**Work instructions:**
Search the entries for the word "with". Copy each line in which it is found.

START Given entries

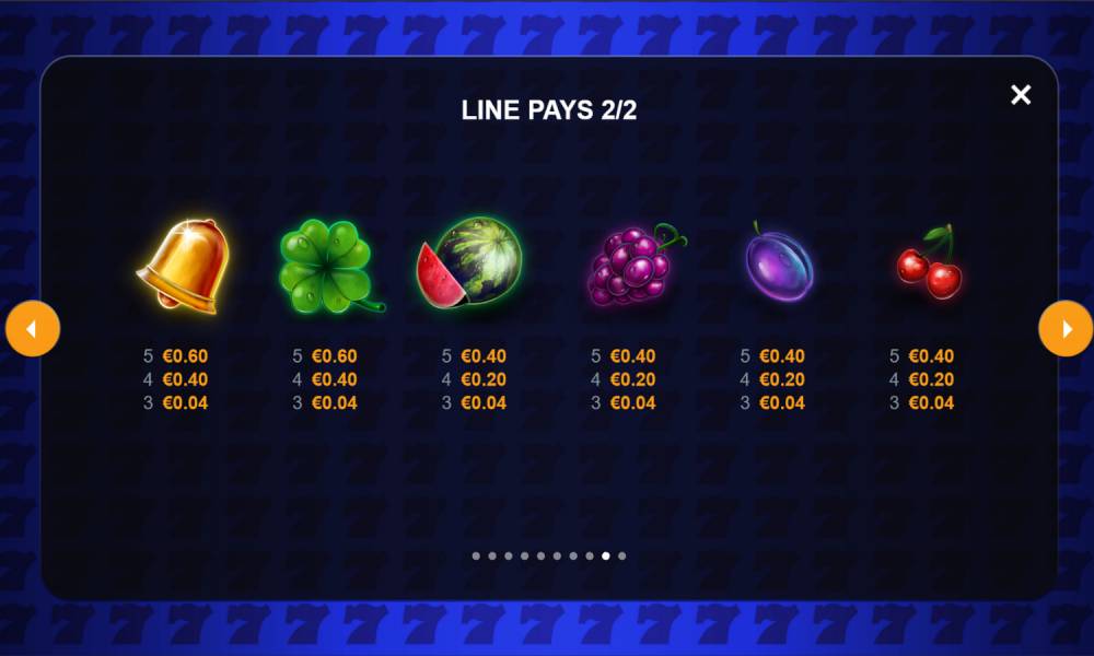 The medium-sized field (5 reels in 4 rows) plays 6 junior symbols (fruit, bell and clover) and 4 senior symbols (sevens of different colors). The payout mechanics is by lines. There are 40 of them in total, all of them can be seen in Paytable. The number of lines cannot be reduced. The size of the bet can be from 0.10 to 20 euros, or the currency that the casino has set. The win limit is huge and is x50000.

END Given entries
START Given entries

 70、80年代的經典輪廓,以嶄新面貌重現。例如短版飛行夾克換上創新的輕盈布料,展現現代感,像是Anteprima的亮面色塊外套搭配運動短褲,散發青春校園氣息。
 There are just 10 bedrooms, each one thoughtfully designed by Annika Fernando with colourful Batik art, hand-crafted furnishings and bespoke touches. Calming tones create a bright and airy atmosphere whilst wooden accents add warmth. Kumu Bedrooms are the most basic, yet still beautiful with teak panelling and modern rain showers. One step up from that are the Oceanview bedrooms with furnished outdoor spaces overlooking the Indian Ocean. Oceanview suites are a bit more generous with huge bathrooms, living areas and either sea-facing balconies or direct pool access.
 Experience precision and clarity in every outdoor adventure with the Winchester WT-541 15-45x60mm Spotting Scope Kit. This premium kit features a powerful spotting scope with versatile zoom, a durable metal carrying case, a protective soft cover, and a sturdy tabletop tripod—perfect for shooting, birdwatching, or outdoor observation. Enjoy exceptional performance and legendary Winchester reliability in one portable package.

END Given entries
START Given entries

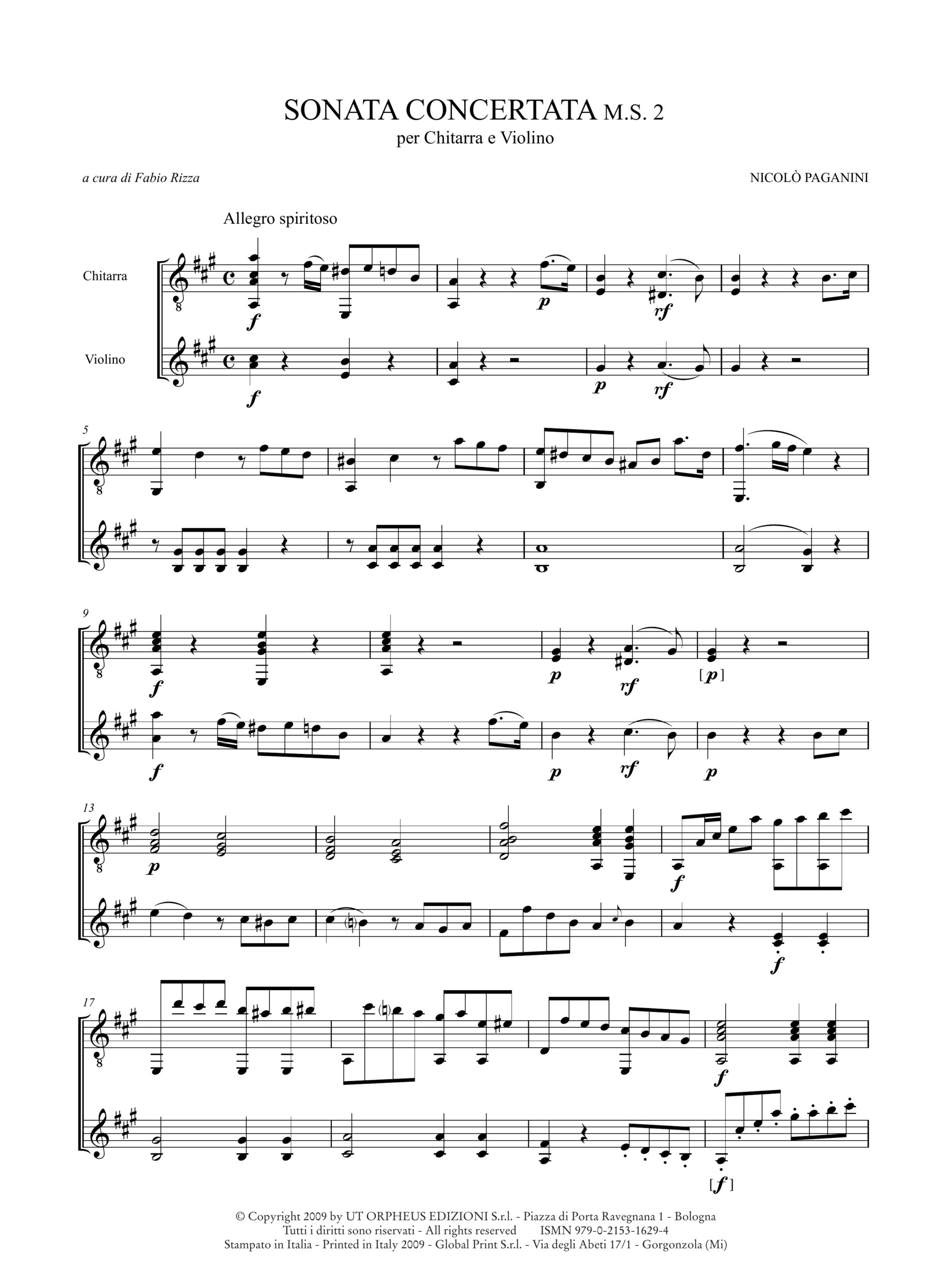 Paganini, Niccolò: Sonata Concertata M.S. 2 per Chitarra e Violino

END Given entries

**Exercise output:**
 There are just 10 bedrooms, each one thoughtfully designed by Annika Fernando with colourful Batik art, hand-crafted furnishings and bespoke touches. Calming tones create a bright and airy atmosphere whilst wooden accents add warmth. Kumu Bedrooms are the most basic, yet still beautiful with teak panelling and modern rain showers. One step up from that are the Oceanview bedrooms with furnished outdoor spaces overlooking the Indian Ocean. Oceanview suites are a bit more generous with huge bathrooms, living areas and either sea-facing balconies or direct pool access.
 Experience precision and clarity in every outdoor adventure with the Winchester WT-541 15-45x60mm Spotting Scope Kit. This premium kit features a powerful spotting scope with versatile zoom, a durable metal carrying case, a protective soft cover, and a sturdy tabletop tripod—perfect for shooting, birdwatching, or outdoor observation. Enjoy exceptional performance and legendary Winchester reliability in one portable package.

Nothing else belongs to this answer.